« L’affaire Ribéry conforte le côté un peu ridicule des Bleus »
Entendu cette semaine comme témoin par la police dans le cadre d’une affaire de proxénétisme, le footballeur international Franck Ribéry risque une mise en examen pour sollicitation de prostituée mineure.
Directeur du laboratoire de sociologie du sport de l’Insep (Institut national du sport et de l’éducation physique), Patrick Mignon revient sur les répercussions d’une telle affaire sur l’image des Bleus, à moins de deux mois de la Coupe du monde en Afrique du Sud (11 juin-11 juillet).
Quel peut être l’impact de cette affaire sur l’équipe de France ?
Ça ne va pas arranger la mauvaise image des Bleus. Si celle-ci avait été bonne, cette affaire aurait été perçue comme quelque chose de secondaire. Les manquements à la morale n’auraient pas écorné l’image de l’équipe en général, et les Bleus auraient gardé la confiance et l’amour de leurs supporteurs. Là, au contraire, tous les éléments viennent s’additionner et conforter le passif et le côté un petit peu ridicule d’une équipe qui doute beaucoup. La méfiance va s’accroître et cette affaire va faire rire. Et puis si Govou [le nom du Lyonnais a été cité mais son avocat soutient que le joueur n’est impliqué] avait déjà un petit casier et s’inscrit dans la tradition du footballeur fantasque, Ribéry avait l’air sérieux. Il s’est converti à l’islam et présentait tous les signes extérieurs de la conformité religieuse.
Selon vous, comment l’opinion publique va-t-elle se positionner ?
D’un côté, l’opinion pourrait être tolérante parce que les affaires de fréquentation de prostituées ne sont généralement pas considérées comme un problème majeur. Même si le consensus pourrait cette fois ne pas dépasser un certain point parce que la jeune fille était mineure. D’un autre côté, cette affaire va choquer ceux qui conservent l’image d’Epinal du sportif, qui voudrait que les footballeurs soient des saints et ne soient les auteurs d’aucun manquement en dehors des stades. Le côté dévoyé et irresponsable des joueurs professionnels risque de s’en trouver renforcé : les gens vont dire que les footballeurs, très bien payés, vivent sur une autre planète.
Et vu de l’étranger ?
Des affaires avec des sportifs éclatent un peu partout, notamment dans des pays où le sport a plus d’importance qu’en France, comme aux Etats-Unis et en Grande-Bretagne. Dans ces pays, des affaires similaires n’ont pas fait tomber la popularité du sport et de l’équipe concernés mais la condamnation était plutôt morale. Franck Ribéry est une idole au Bayern Munich donc la presse locale allemande accorde pour le moment peu d’importance à l’affaire. Mais à cause des querelles régionales, certains ne vont pas se gêner pour s’emparer de l’affaire. Et puis, tout le monde sait que les footballeurs ne sont pas des modèles de vertu…

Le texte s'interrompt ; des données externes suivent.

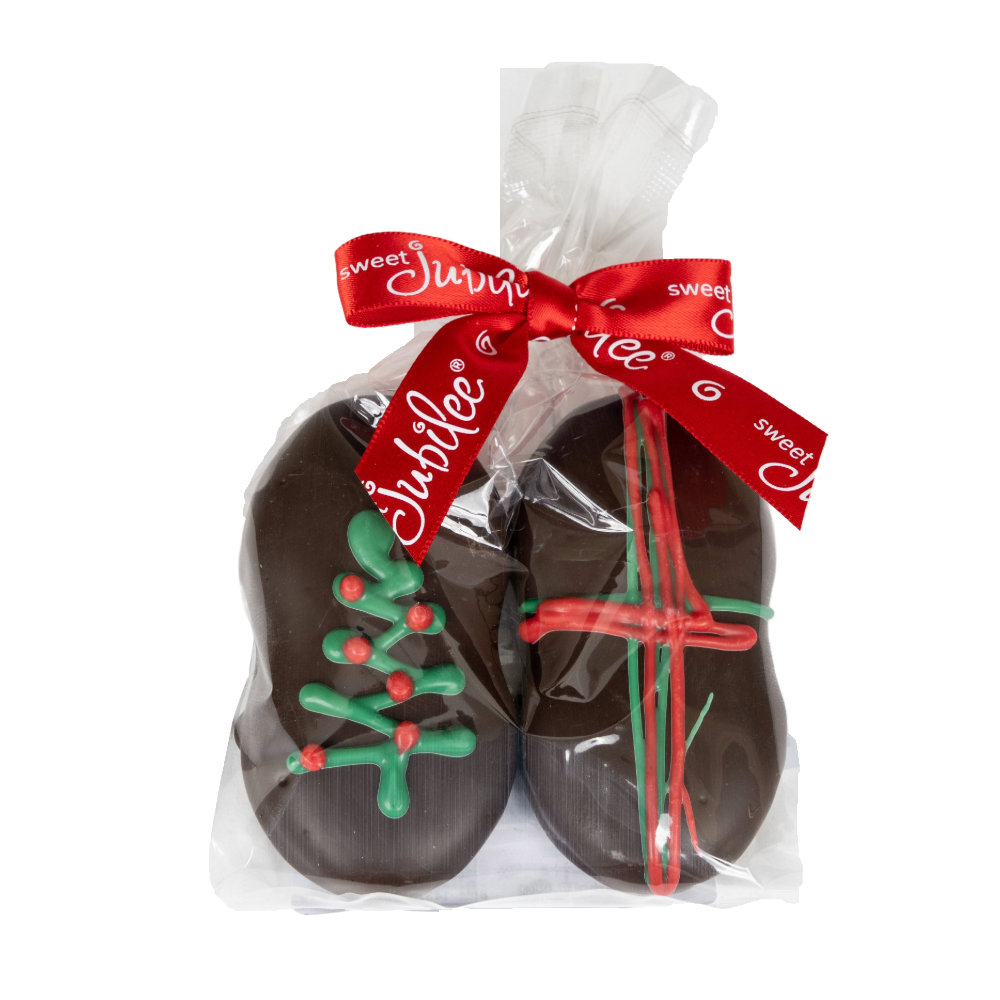 Nutter Butter Cookies Covered in Rich Dark Chocolate and Hand Decorated in a Small, Clear Cello Gift Bag with a Red Signature Bow.

Comment l’affaire peut-elle évoluer ?
Les affaires de transgression connaissent des cycles. On va maintenant assister à la théorie du complot, les avocats vont dire qu’on en veut à leurs clients et chercheront à les faire passer pour des victimes. Une telle stratégie fonctionne dans beaucoup de cas, notamment dans les affaires de dopage, où ceux qui aiment le sport concerné trouvent parfois une série d’éléments pour justifier le pardon et la compréhension. Ensuite, on va un peu oublier cette affaire quand il y aura une autre actualité. Si elle ressurgit pendant la phase de préparation à la Coupe du monde, il y aura une tension entre ceux qui voudront laisser l’équipe se préparer tranquillement et l’actualité judiciaire, et il sera alors intéressant de voir quelle sera la priorité à ce moment-là.